Kein automatischer Anspruch

Demnach müssen die Gründe für eine Forderung stichhaltig sein. Mitarbeiter haben bei einer Entlassung nicht automatisch Anspruch auf eine Abfindung - selbst wenn sie 40 Jahre lang für eine Firma tätig waren. Auf das Urteil der Landesarbeitsrichter weist der Deutsche Anwaltverein hin.

Gericht weist Klage zurück

In dem Fall arbeitete eine heute 60-jährige Frau fast 40 Jahre als Konfektionärin in einem Unternehmen, das Verbandsstoffe herstellt. Als der Betrieb beschloss, die Endfertigung und Verpackung nach Tschechien zu verlegen, erhielt die Mitarbeiterin die Kündigung.

Gegen den Rauswurf wehrte sich die Entlassene vor Gericht und forderte eine Abfindung. Die Kündigung sei sozial nicht gerechtfertigt. Die 60-Jährige verwies den Experten des Rechtsportals "arbeitsrecht-rheinland-pfalz.de" zufolge auf ihre lange Betriebszugehörigkeit. Der Betrieb werde zudem aufrechterhalten und erwarte Gewinne. Die Frau sah daher nicht ein, die Firma ohne Entschädigung zu verlassen.

Argumente nicht rechtlich relevant

Ihr ehemaliger Arbeitgeber hingegen vertrat nach den Angaben die Ansicht, die Kündigung sei sozial gerechtfertigt. Angesichts der finanziellen Situation des Betriebs sei auch die Zahlung einer Abfindung nicht möglich.

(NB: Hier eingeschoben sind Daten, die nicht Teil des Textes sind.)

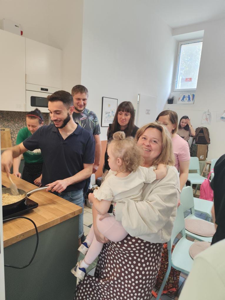 W przerwie nie zabrakło ruchu – uczestnicy próbowali swoich sił w tańcu bałkańskim w naszej sali sportowej, co wywołało mnóstwo radości i śmiechu. Wspólne gotowanie zakończyło się degustacją pysznego, własnoręcznie przygotowanego deseru.

Die Klage der Konfektionärin blieb in beiden Instanzen erfolglos. Die von ihr angeführten Gründe seien rechtlich irrelevant, befand das Gericht. Das Argument, der Arbeitgeber hätte überlegen müssen, wie sie bis zum Beginn des Rentenalters bleiben könne, entbehre jeder Rechtsgrundlage.